» Instructions for the task
Please copy every line of the data in which the string "meydana" appears.

» Record excerpts
|---|

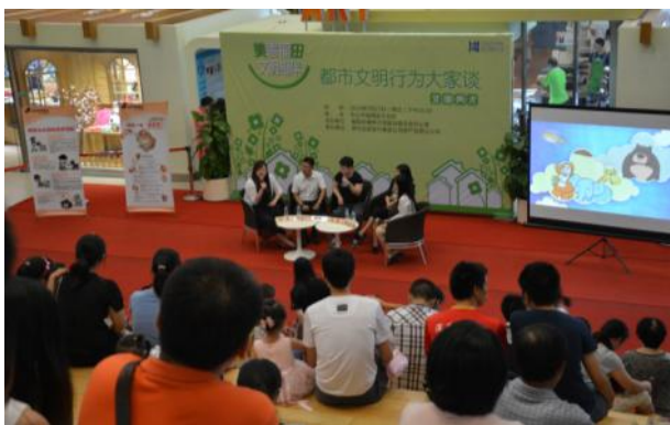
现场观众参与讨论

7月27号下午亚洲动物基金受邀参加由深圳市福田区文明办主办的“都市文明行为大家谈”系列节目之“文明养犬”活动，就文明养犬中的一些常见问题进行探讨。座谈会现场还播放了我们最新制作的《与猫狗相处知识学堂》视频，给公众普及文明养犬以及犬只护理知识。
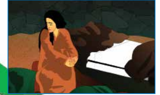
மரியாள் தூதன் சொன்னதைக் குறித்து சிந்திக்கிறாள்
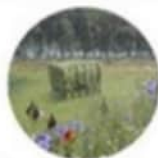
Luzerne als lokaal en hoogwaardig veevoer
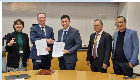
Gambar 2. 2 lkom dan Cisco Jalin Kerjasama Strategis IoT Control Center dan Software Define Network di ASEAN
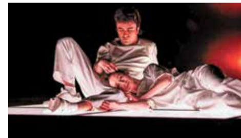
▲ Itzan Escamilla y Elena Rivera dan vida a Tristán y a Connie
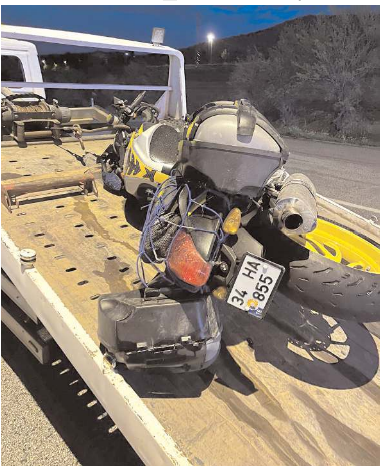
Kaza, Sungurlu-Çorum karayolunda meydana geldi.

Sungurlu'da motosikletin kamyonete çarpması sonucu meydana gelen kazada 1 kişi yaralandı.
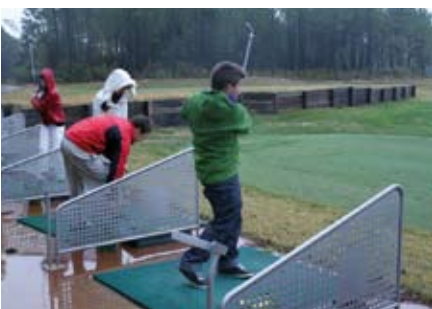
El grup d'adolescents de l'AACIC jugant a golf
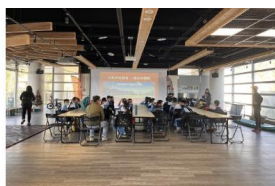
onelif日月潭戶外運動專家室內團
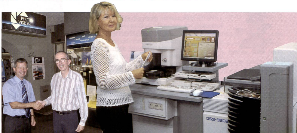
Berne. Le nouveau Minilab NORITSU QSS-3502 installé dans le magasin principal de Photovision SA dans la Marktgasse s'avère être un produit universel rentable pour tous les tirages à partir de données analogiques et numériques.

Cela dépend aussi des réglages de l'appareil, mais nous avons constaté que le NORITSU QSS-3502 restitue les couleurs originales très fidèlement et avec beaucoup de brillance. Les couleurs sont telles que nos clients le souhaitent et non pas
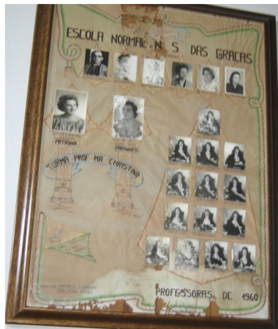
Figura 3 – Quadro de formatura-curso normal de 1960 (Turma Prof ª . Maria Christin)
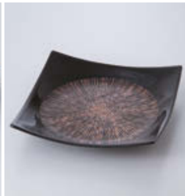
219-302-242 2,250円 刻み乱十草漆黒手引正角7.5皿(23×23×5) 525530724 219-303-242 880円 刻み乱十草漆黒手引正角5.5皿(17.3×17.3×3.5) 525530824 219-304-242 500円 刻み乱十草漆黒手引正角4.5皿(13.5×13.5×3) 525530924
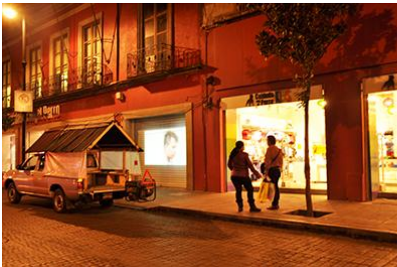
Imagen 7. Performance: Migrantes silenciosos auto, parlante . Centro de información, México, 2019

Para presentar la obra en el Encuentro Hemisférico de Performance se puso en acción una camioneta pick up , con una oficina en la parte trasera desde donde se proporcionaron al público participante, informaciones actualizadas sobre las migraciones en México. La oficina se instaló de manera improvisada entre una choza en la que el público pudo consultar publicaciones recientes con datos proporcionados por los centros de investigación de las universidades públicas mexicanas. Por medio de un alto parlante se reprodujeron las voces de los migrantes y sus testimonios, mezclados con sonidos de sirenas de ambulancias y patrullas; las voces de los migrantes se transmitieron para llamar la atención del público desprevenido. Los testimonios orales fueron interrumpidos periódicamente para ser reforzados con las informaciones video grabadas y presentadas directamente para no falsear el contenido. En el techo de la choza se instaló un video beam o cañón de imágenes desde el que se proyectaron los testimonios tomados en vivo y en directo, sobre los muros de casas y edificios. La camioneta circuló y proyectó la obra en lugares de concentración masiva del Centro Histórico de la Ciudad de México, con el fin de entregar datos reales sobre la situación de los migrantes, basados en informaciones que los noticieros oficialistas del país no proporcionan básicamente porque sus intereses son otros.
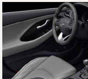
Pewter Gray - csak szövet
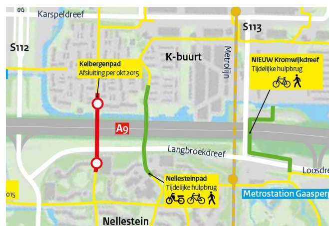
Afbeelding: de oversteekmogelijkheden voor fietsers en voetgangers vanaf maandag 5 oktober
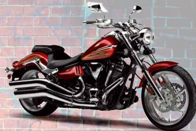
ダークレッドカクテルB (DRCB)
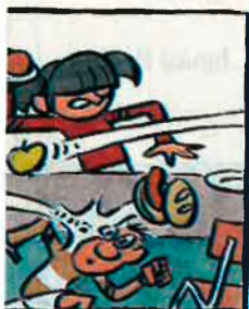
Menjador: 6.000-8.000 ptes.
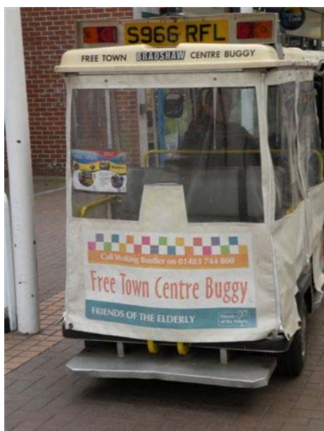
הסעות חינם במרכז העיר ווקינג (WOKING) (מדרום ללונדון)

|---|

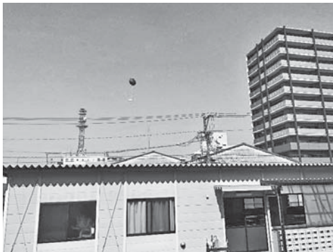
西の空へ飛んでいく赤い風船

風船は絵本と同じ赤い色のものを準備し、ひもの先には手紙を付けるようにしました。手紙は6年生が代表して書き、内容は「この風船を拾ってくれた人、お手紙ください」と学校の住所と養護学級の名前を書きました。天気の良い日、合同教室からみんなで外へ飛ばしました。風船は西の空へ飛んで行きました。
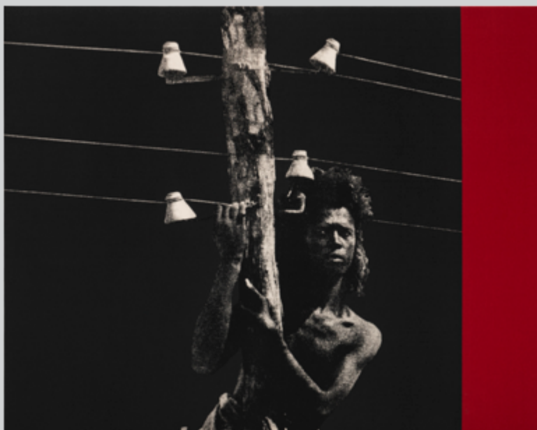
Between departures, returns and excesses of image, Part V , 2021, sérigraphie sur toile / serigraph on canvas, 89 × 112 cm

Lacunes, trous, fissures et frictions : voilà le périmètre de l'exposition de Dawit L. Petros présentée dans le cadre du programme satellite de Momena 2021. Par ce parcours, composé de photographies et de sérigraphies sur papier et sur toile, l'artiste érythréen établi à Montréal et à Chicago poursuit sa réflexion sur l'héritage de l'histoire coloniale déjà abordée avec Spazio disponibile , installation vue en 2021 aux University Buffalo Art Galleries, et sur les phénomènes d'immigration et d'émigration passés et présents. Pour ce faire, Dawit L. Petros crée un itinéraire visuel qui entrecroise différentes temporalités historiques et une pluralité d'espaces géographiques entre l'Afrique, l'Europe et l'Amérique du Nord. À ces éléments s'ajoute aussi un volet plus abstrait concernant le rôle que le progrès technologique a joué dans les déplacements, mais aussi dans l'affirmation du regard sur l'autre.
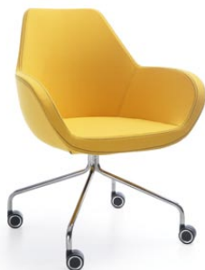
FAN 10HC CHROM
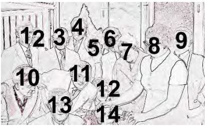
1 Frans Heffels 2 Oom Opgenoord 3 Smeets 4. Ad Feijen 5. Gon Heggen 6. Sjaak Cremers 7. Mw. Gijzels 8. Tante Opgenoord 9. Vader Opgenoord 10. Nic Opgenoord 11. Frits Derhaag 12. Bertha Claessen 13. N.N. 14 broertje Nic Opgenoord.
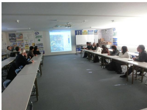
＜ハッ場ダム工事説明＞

|---|

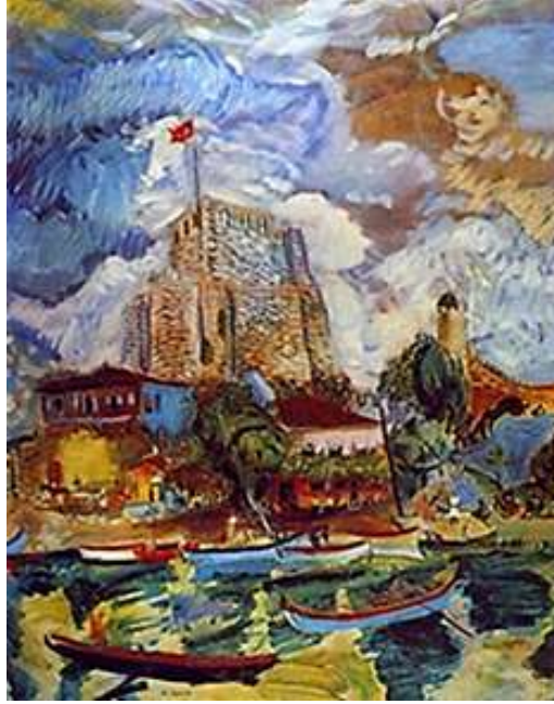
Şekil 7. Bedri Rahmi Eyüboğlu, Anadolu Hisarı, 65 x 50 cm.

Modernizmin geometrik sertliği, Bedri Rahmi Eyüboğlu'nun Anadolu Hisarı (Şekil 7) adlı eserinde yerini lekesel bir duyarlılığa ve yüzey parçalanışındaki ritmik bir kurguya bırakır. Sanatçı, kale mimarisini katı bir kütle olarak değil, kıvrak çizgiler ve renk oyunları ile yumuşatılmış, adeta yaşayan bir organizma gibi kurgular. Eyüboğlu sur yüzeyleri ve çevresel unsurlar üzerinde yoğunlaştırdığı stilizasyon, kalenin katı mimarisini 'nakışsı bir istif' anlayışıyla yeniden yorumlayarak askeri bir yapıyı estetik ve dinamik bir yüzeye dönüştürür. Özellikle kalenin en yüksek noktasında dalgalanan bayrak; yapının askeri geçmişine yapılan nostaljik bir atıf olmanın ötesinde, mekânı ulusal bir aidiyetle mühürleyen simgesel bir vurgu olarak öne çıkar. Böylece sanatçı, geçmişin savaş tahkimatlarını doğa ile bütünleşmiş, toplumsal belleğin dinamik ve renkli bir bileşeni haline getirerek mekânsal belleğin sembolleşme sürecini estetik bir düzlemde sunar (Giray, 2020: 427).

|---|

» The answer
Kaza, Sungurlu-Çorum karayolunda meydana geldi.
Sungurlu'da motosikletin kamyonete çarpması sonucu meydana gelen kazada 1 kişi yaralandı.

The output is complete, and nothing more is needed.